=== Data listing ===

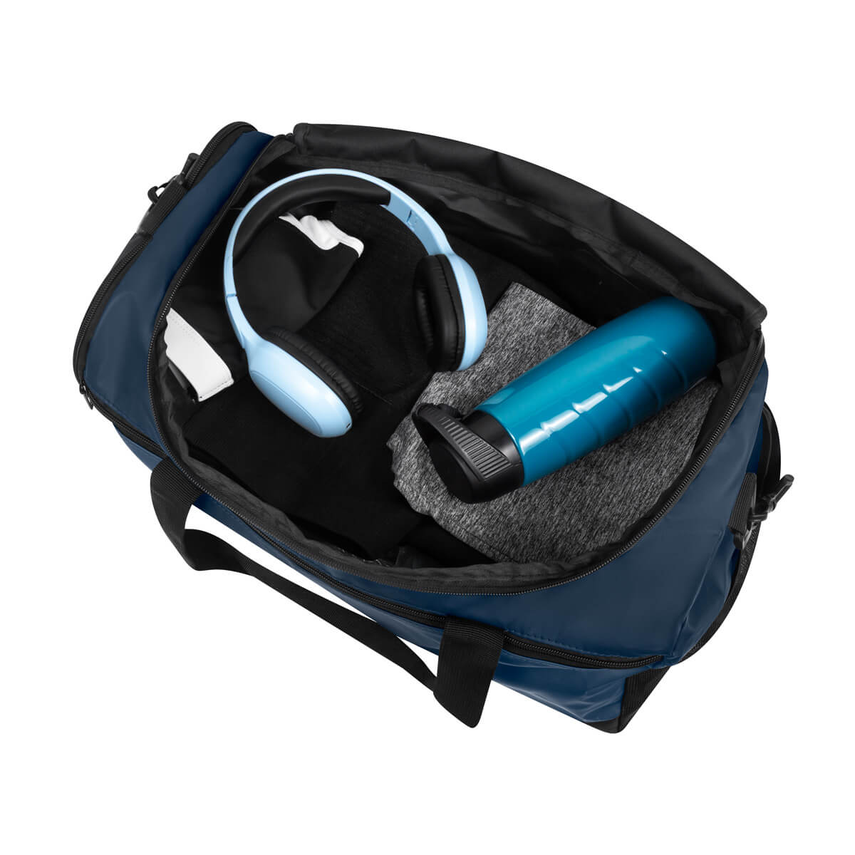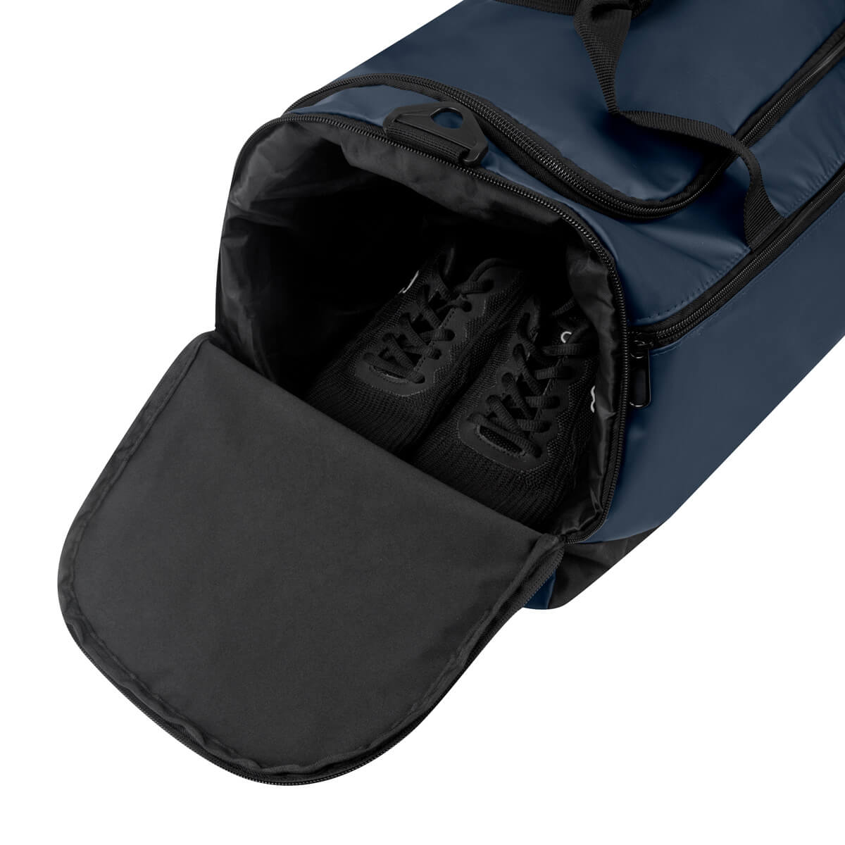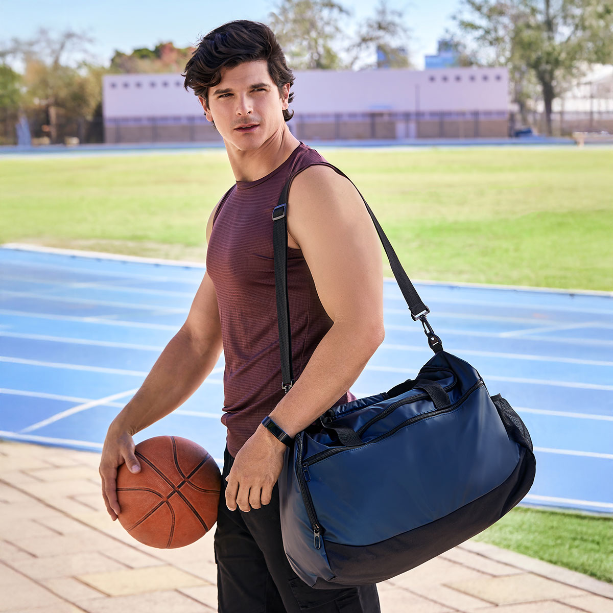 MALETA IBAWI - Práctica maleta con amplio compartimento principal y un bolsillo frontal con cierre. Cuenta con un compartimento lateral para calzado y un bolsillo lateral de malla para objetos pequeños. Incluye correa ajustable para hombro con broches de plástico removibles y asas de agarre superior. Perfecta para uso deportivo o viajes cortos
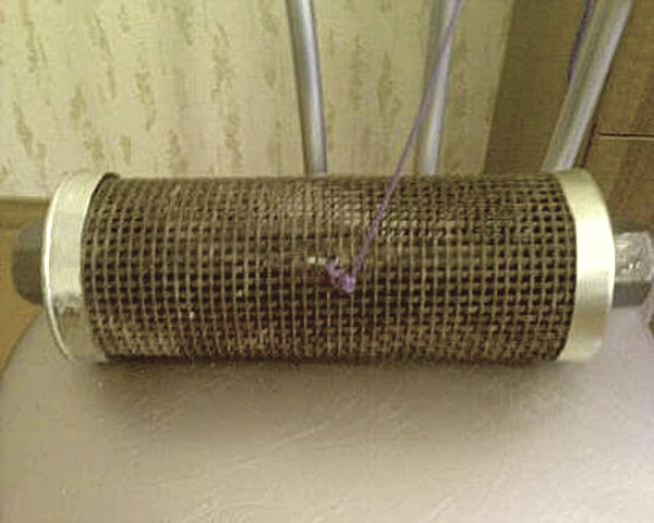 Сетку нужно согнуть по внутреннему диаметру банок и затем сваркой соединить шов на сетке. Длину сетки делаем 260 мм. Баночки нужно обрезать и одеть на сетку как крышки. Еще делаем в них отверстия под шпильку. Пропускаем шпильку через отверстия, ставим шайбы и затягиваем гайки. В кормушку для веса я кладу токарный резец, он имеет небольшой размер и подходящий вес. В середине сетки привязываем шнур, он нужен для скольжения по нему кольца. Все, кормушка под кольцо готова.
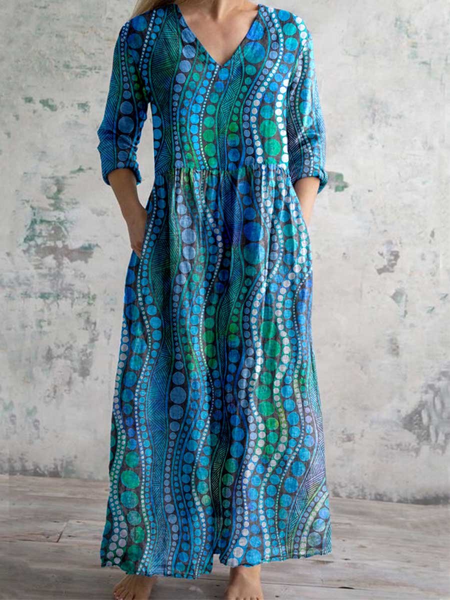 Women's V-neck Elegant Art Polka Dot Print Pattern Cotton and Linen Dress with Pockets
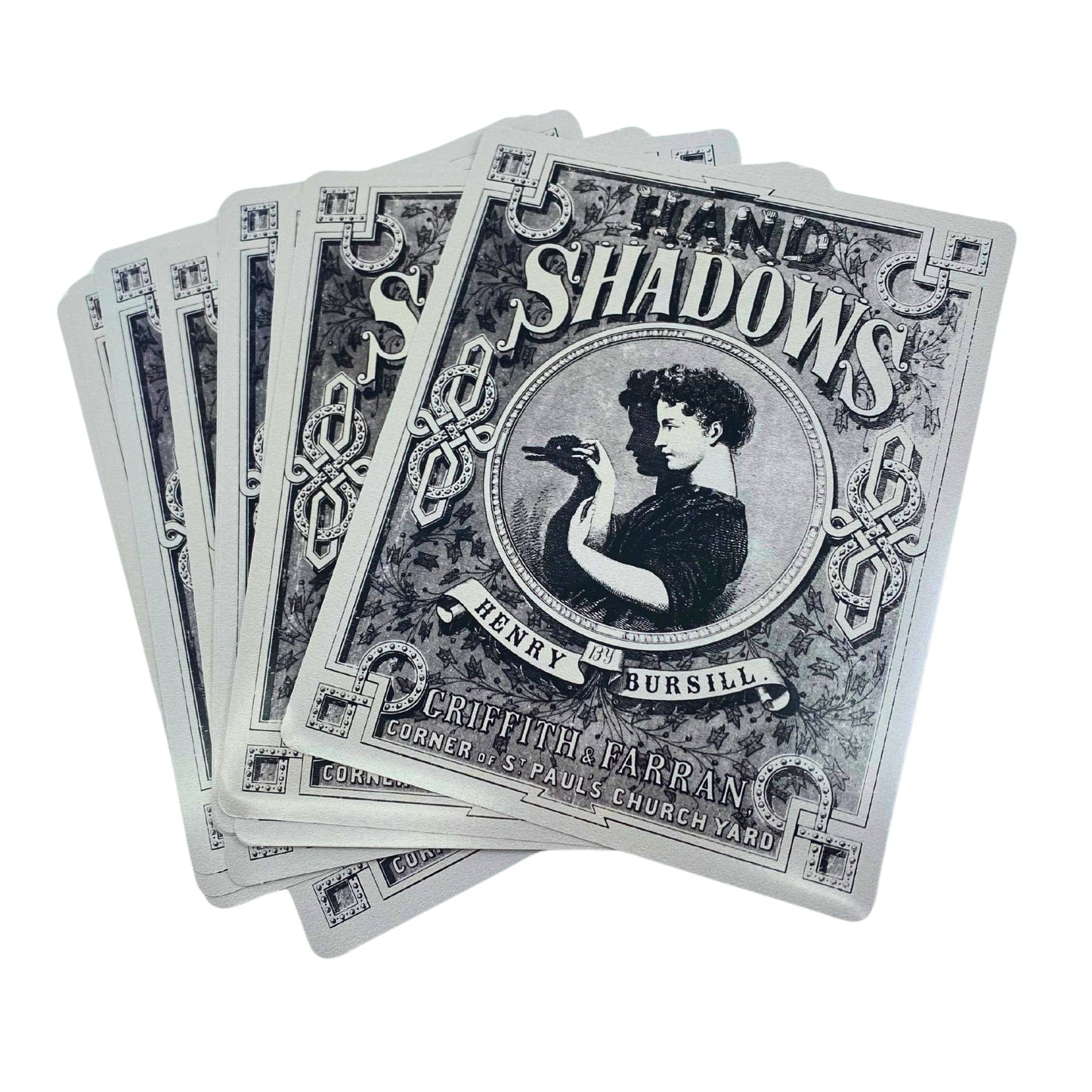 12 beautifully illustrated instructional cards taken from the 1859 best-selling book by Henry Bursill showing us how to throw highly amusing hand shadows upon a wall.
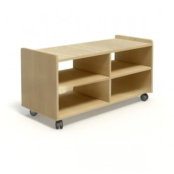 Открытого типа. Из ЛДСП Бук и Цветного Кромка,Кант ПВХ. Размеры: 900 х400х528 мм Вес: 20кг Объём: 0,04м/куб Установлены пластиковые или усиленные поворотные прорезиненные колеса. 2 из них со стопором (тормозом). ЛДСП БУК , колесо ПЛАСТИК
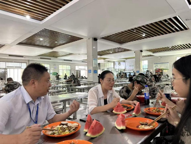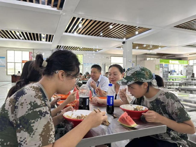 座談結(jié)束后,龐海英院長(zhǎng)與朱清如書(shū)記一同來(lái)到學(xué)生食堂,與少數(shù)民族同學(xué)們共進(jìn)午餐?!澳銈兤綍r(shí)喜歡吃什么口味的菜?食堂的菜品搭配是否符合飲食習(xí)慣?有沒(méi)有需要特別注意的口味禁忌?”朱清如書(shū)記走到餐臺(tái)前,一邊為同學(xué)們添菜,一邊細(xì)致詢問(wèn)飲食適應(yīng)情況。

===

What needs to be done
Beginning at the line that contains "Открытого типа. Из", transcribe it and every later line through the last line of the data above, exactly, and drop the pictures.

Solved problem
 Открытого типа. Из ЛДСП Бук и Цветного Кромка,Кант ПВХ. Размеры: 900 х400х528 мм Вес: 20кг Объём: 0,04м/куб Установлены пластиковые или усиленные поворотные прорезиненные колеса. 2 из них со стопором (тормозом). ЛДСП БУК , колесо ПЛАСТИК
 座談結(jié)束后,龐海英院長(zhǎng)與朱清如書(shū)記一同來(lái)到學(xué)生食堂,與少數(shù)民族同學(xué)們共進(jìn)午餐?!澳銈兤綍r(shí)喜歡吃什么口味的菜?食堂的菜品搭配是否符合飲食習(xí)慣?有沒(méi)有需要特別注意的口味禁忌?”朱清如書(shū)記走到餐臺(tái)前,一邊為同學(xué)們添菜,一邊細(xì)致詢問(wèn)飲食適應(yīng)情況。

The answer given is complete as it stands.